Two state prisons are also located nearby, and the valley was delighted to get them, says El Centro City Council member Cheryl Viegas-Walker.
"When everybody else was saying, 'Not in my backyard,' the whole NIMBY thing, 'Don't dare site those prisons here,' we were like, 'Please. Bring them here. Bring the jobs here,' " she says.
Viegas-Walker herself came to El Centro as a young woman after her husband took a job at a local law firm. At first, she was less than thrilled to live in the valley. Today, she says she has become its biggest cheerleader.
She likes the small town feel of the city, the fact that she can drive to work in six minutes. Unlike most of California, El Centro is also affordable: A nice house on a palm tree-lined street in the better part of town can be had for about $200,000.
Like Viegas-Walker, many local officials argue that the unemployment rate is lower than the Labor Department claims and is skewed by the large number of seasonal workers in the area, many of them coming from the much larger city of Mexicali, Mexico, next door.
City officials also say their efforts to lure new businesses have been hurt by California's comparatively high minimum wage, which they say has driven some jobs into Arizona and even Mexico.
But no one disputes that there aren't enough good jobs.
"It's one thing to have a job. It's another thing to have a job that pays a [good] wage and has some upward mobility, and certainly that's where [the Imperial Valley] economy continues to fall short," says Mike Bracken, chief economist at Development Management Group, which advises local businesses and communities on development.
Viegas-Walker acknowledges that people with college degrees tend to leave El Centro for greener pastures.
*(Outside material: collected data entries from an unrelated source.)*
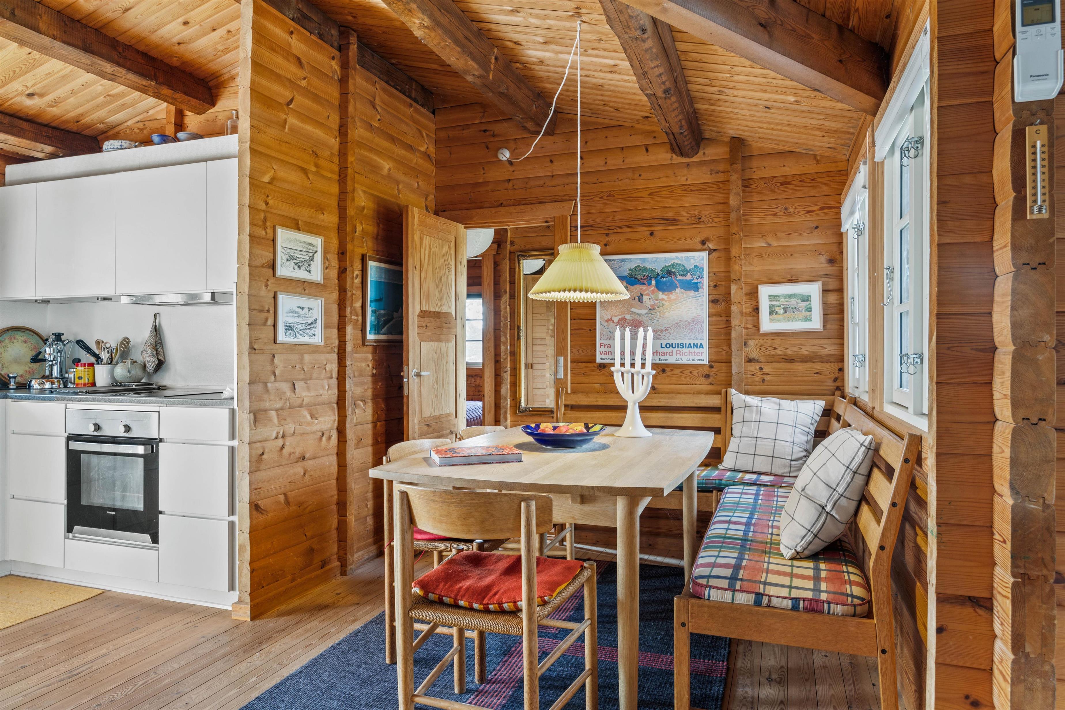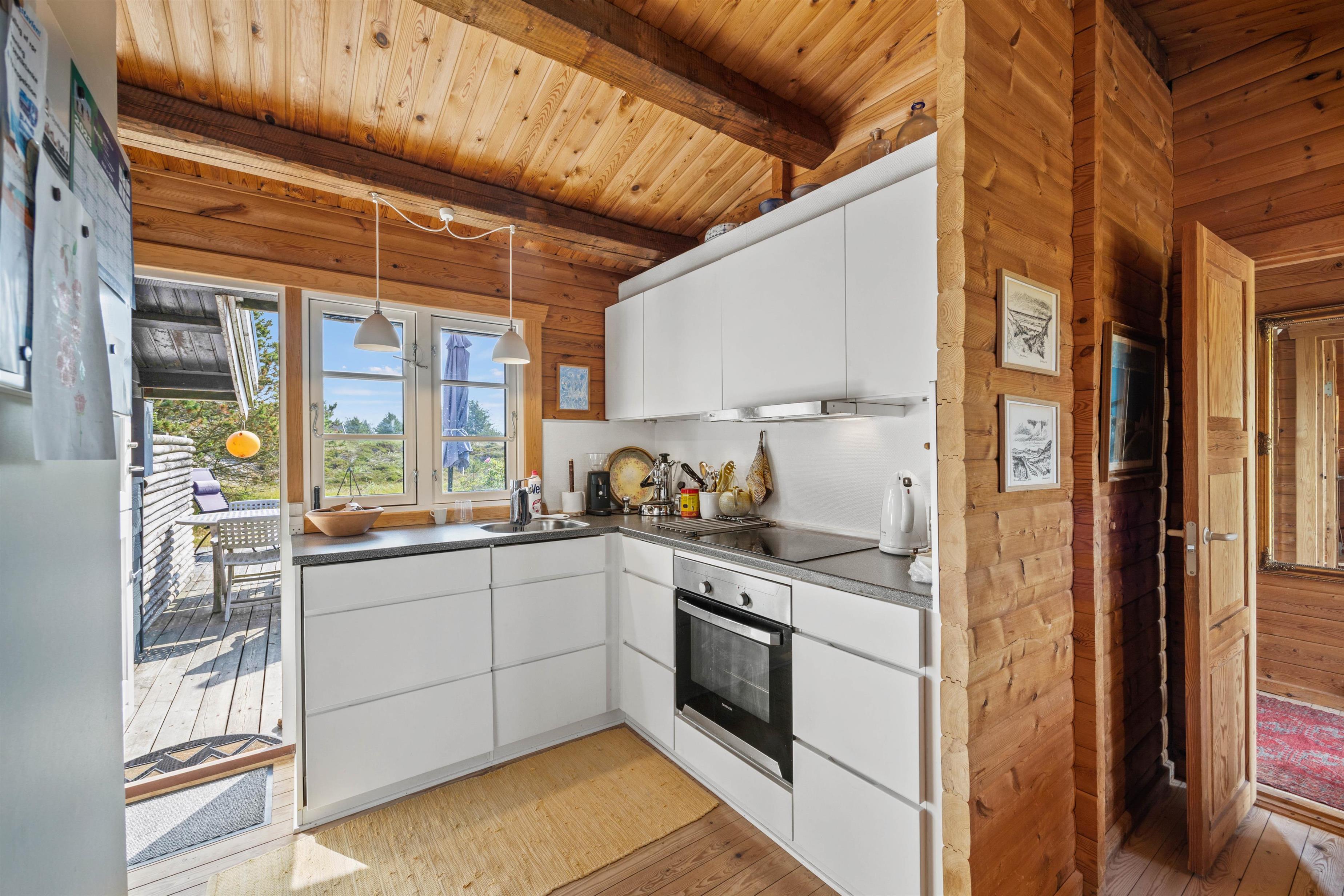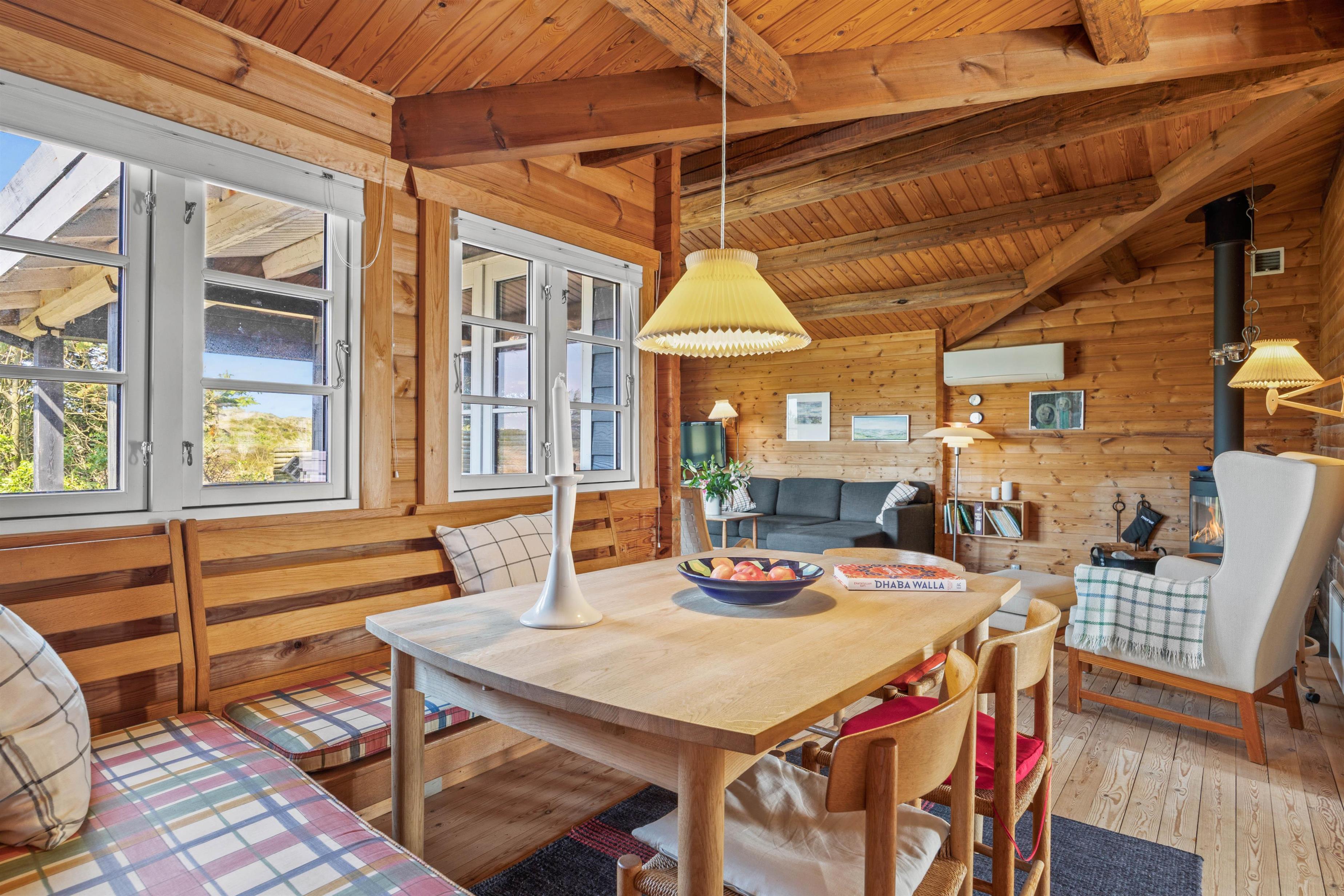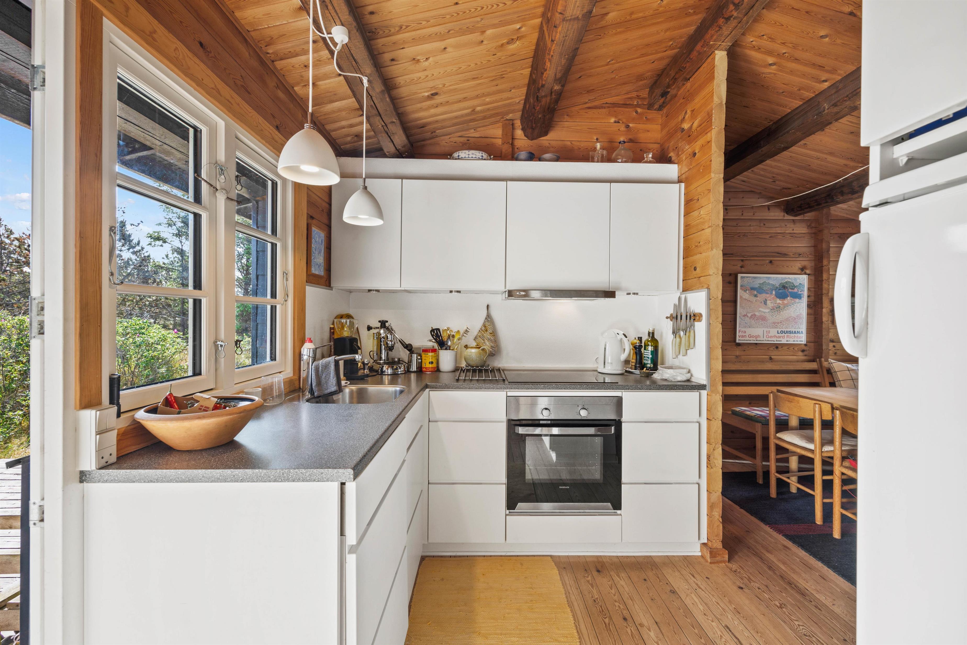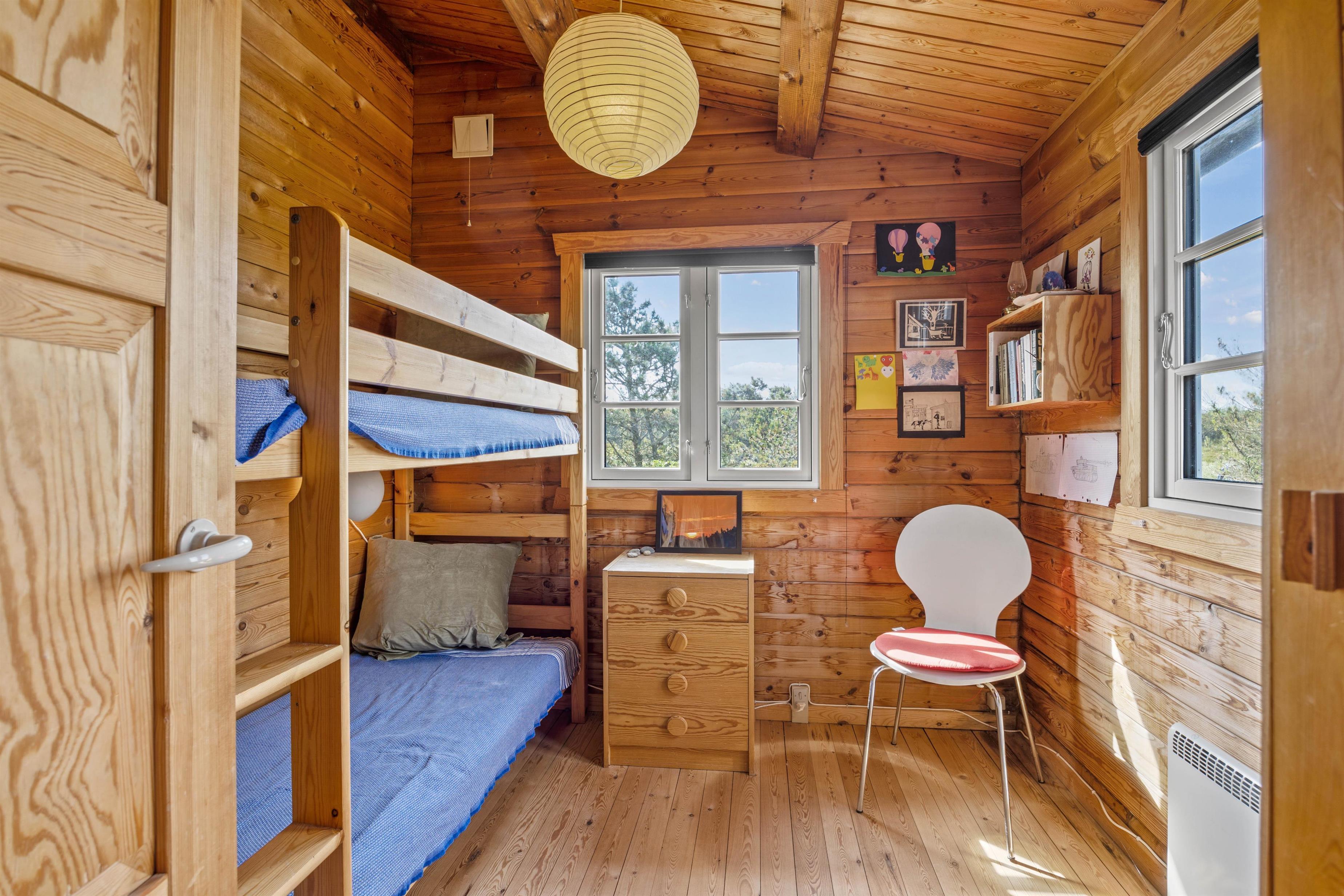 I det klassiske træbeklædte sommerhus kan der bo seks gæster fordelt på tre soveværelser, hvoraf det ene værelse er et ideelt børneværelse med køjesengen – det vil børnene helt sikkert se frem til. Sommerhusets samlingspunkt og hjerterum er det hyggelige køkken-opholdsrum, hvor der er højt til loftet og smukke spær i loftet. Gennem de store vinduer i stuen skinner det naturlige lys smukt ind, mens den bløde hjørnesofa venter på jer. Her kan I samles om et spil, læse den medbragte ferielæsning i den behagelige lænestol foran den knitrende brændeovn.
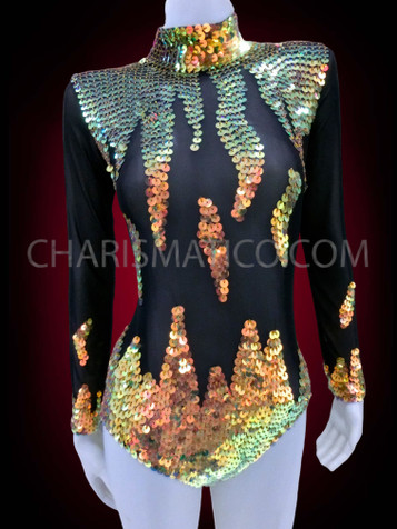 Here is an exciting look for the ages. A sleek black leotard with gold sequin flame patterns on it gives you one extra hot look. This beauty can pair with other items or be worn alone as a dancer's costume. Long sleeves to keep your modesty intact.
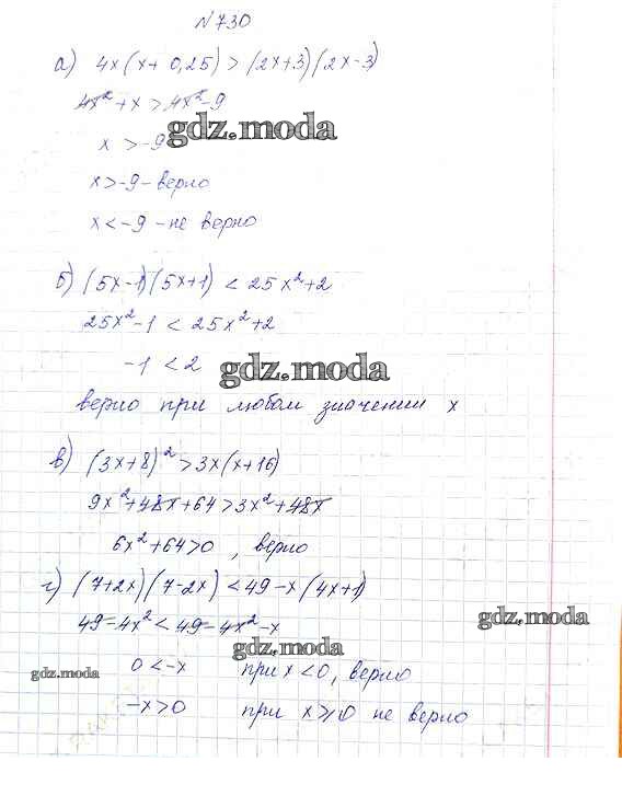 ОТВЕТ на задание № 730 Учебник по Алгебре 8 класс Макарычев
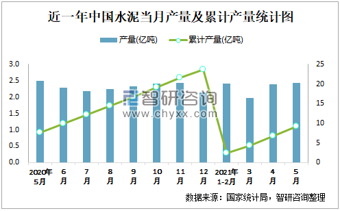 根據(jù)國(guó)家統(tǒng)計(jì)局?jǐn)?shù)據(jù)顯示:2021年5月中國(guó)水泥產(chǎn)量為2.4億噸,同比下降3.2%;2021年1-5月中國(guó)水泥累計(jì)產(chǎn)量為9.2億噸,累計(jì)增長(zhǎng)19.2%;2015-2020年中國(guó)水泥產(chǎn)量2018年跌至最低,此后呈現(xiàn)上升趨勢(shì)。
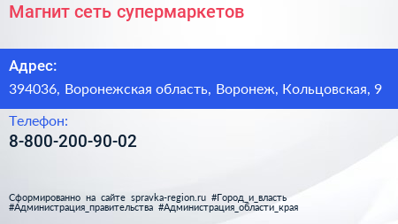 Магнит, сеть супермаркетов по адресу 394036, Воронежская область, Воронеж, Кольцовская, 9 в дальнейшем Организация, размещена в следующих категориях:
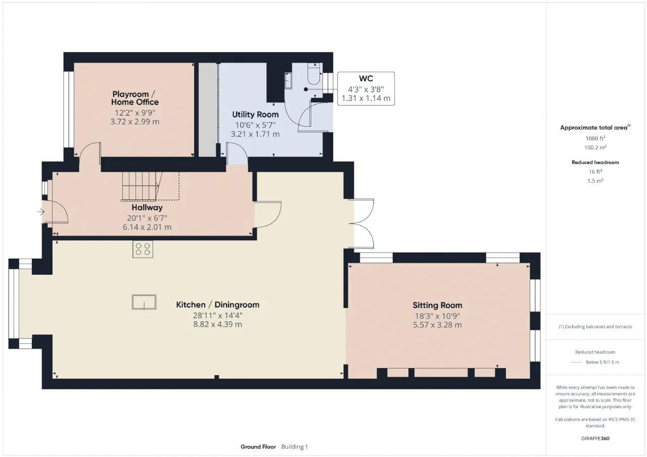 Entrance Hall, Sittingroom, open-plan Kitchen / Diningroom, Utility Room, Guest W.C., Playroom / Lounge / Den.
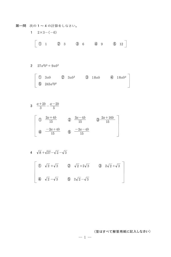 2020年度入試過去問題 A日程(数学 問題)(1ページ目)|仙台育英学園高等学校の入試過去問
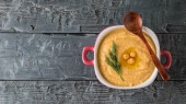zupa z dyni z pieczywem tostowym, nasiona granatu i przyprawy na nieczystym białym tle z szyszkami, tkaniny i zioła, widok z góry

She knows that firsthand: Her own two grown sons now live in Oregon and New York.
"We do have a brain drain. I mean, my two sons will not return to the valley. They won't come back," Viegas-Walker says.
"Our economy is not diversified. It's a very narrow economy. It's either farm or government or teaching or low-income, with a few other exceptions," says Sara Griffen, executive director of the Imperial Valley Food Bank.
A few years ago, Jessica Solorio, who grew up in El Centro, noticed a growing number of homeless people gathering in a local park. She decided to cook up a meal of chicken teriyaki and rice and take it to them. It soon became a regular thing.
"Me and my friend fed the homeless one night, and we posted on Facebook, then we asked who was going to take the next night. And from there we've just been feeding the homeless every night," she says.
Today she heads Spread the Love, a drop-in center where homeless people can spend their afternoons sleeping on cots or just sitting in the air conditioning.
Among those stopping by is Henry Lee Poston, who says he has spent much of his life in prison or on the streets. Raised in Oklahoma, he's never gotten used to the heat in the valley. It makes being homeless that much harder.
"One thing is it's too dang hot here," says Poston. "I have blackouts because of the heat. And there's nothing I can do about it."
Poston has been looking for work in the valley for a long time with no success.
"I've tried and tried and tried and tried," he says wearily. "They keep telling me the same thing. 'You're not socially acceptable.' Whatever the hell that means."
If he ever does get a job, he has one goal: To leave the valley and return home to Oklahoma.